AVAILABLE DATA:
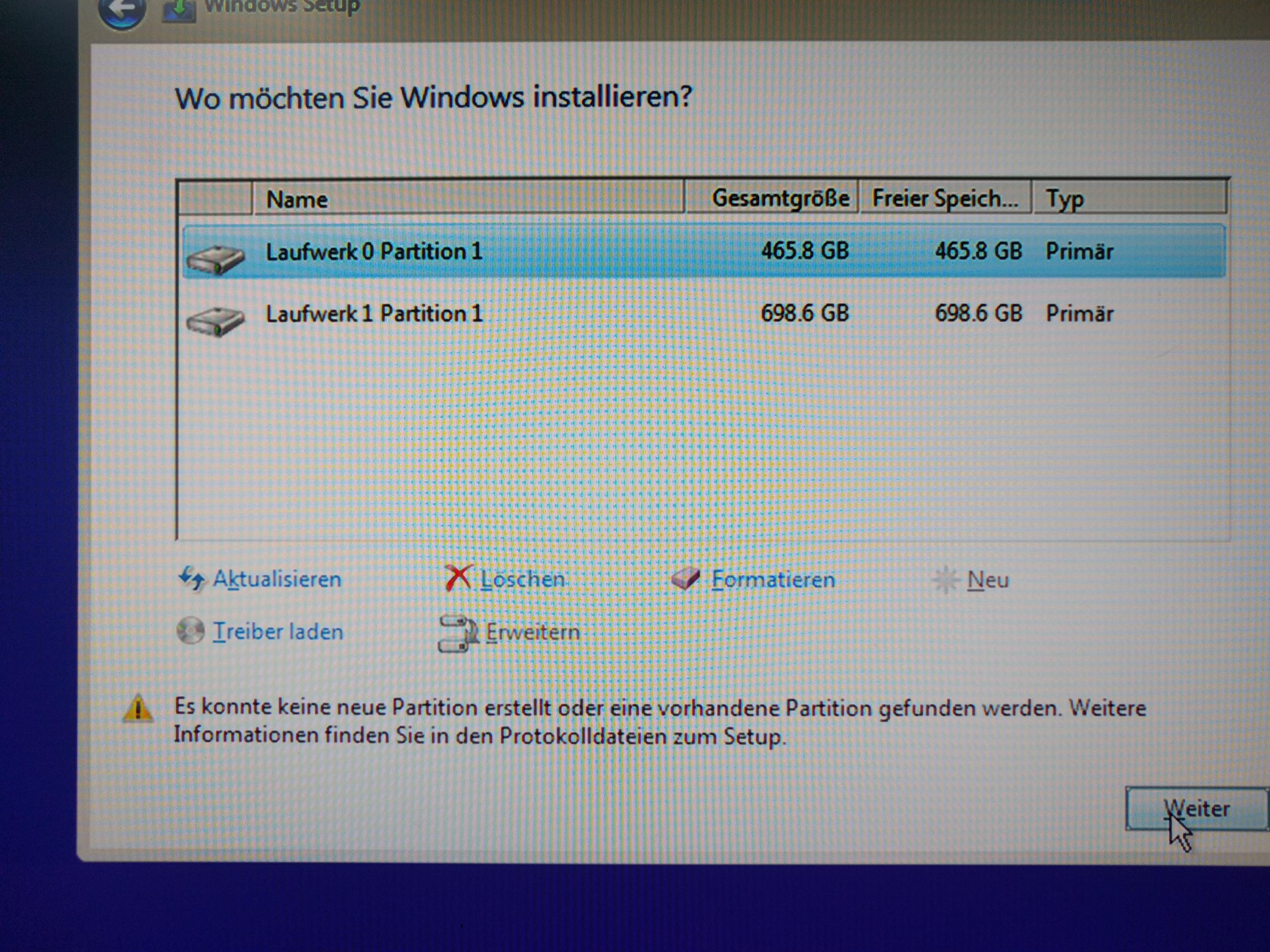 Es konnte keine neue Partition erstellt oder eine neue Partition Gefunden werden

==

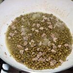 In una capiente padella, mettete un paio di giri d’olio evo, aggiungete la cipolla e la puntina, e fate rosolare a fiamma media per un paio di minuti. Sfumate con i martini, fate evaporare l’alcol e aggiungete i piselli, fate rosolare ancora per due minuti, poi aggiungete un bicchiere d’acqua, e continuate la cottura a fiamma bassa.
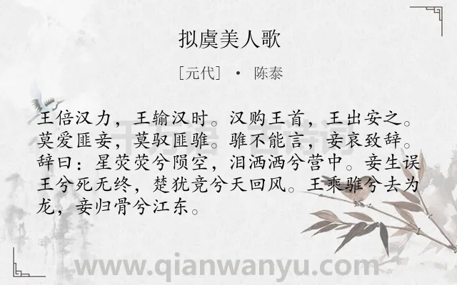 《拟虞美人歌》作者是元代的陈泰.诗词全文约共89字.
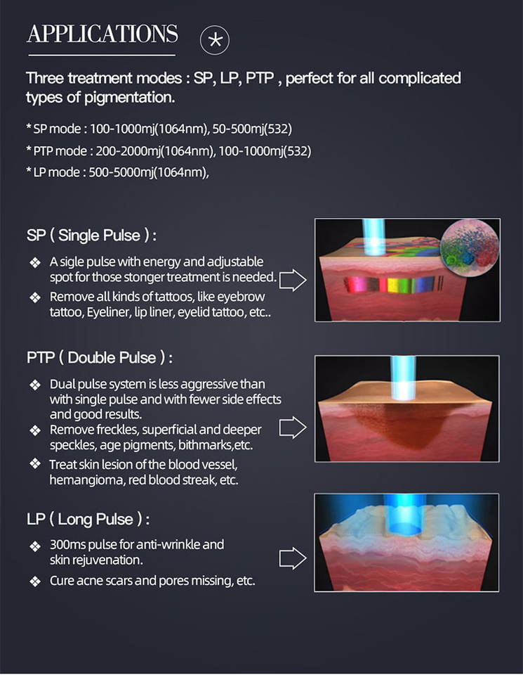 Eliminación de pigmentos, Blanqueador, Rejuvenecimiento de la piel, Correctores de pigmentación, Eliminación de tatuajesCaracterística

EXERCISE GOAL:
Between and including the line above that contains "In una capiente" and the line that contains "Eliminación de pigmentos, Blanqueador, Rejuvenecimiento", restate every line word for word. Pictures stay out.

SOLUTION TO THE PROBLEM:
 In una capiente padella, mettete un paio di giri d’olio evo, aggiungete la cipolla e la puntina, e fate rosolare a fiamma media per un paio di minuti. Sfumate con i martini, fate evaporare l’alcol e aggiungete i piselli, fate rosolare ancora per due minuti, poi aggiungete un bicchiere d’acqua, e continuate la cottura a fiamma bassa.
 《拟虞美人歌》作者是元代的陈泰.诗词全文约共89字.
 Eliminación de pigmentos, Blanqueador, Rejuvenecimiento de la piel, Correctores de pigmentación, Eliminación de tatuajesCaracterística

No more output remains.